==== Records

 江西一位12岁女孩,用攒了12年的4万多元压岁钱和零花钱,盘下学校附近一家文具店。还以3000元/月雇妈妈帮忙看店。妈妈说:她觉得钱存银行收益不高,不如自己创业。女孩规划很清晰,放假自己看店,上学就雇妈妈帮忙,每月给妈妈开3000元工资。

========
==== Records

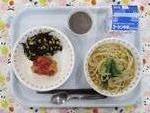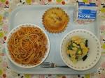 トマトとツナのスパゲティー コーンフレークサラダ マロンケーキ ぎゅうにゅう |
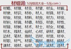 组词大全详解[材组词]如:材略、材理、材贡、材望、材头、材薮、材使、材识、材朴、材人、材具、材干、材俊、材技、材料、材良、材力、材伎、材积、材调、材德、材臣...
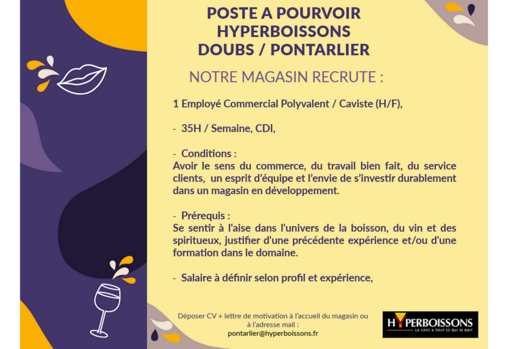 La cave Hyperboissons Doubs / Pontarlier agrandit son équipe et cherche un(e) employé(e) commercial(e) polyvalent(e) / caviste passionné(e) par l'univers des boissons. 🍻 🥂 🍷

========

_Task goal:_
Take the lines above starting at the one containing "トマトとツナのスパゲティー コーンフレークサラダ マロンケーキ ぎゅうにゅう |" and ending at the one containing "La cave Hyperboissons", and print them again exactly, without pictures.

_Final answer:_
 トマトとツナのスパゲティー コーンフレークサラダ マロンケーキ ぎゅうにゅう |
 组词大全详解[材组词]如:材略、材理、材贡、材望、材头、材薮、材使、材识、材朴、材人、材具、材干、材俊、材技、材料、材良、材力、材伎、材积、材调、材德、材臣...
 La cave Hyperboissons Doubs / Pontarlier agrandit son équipe et cherche un(e) employé(e) commercial(e) polyvalent(e) / caviste passionné(e) par l'univers des boissons. 🍻 🥂 🍷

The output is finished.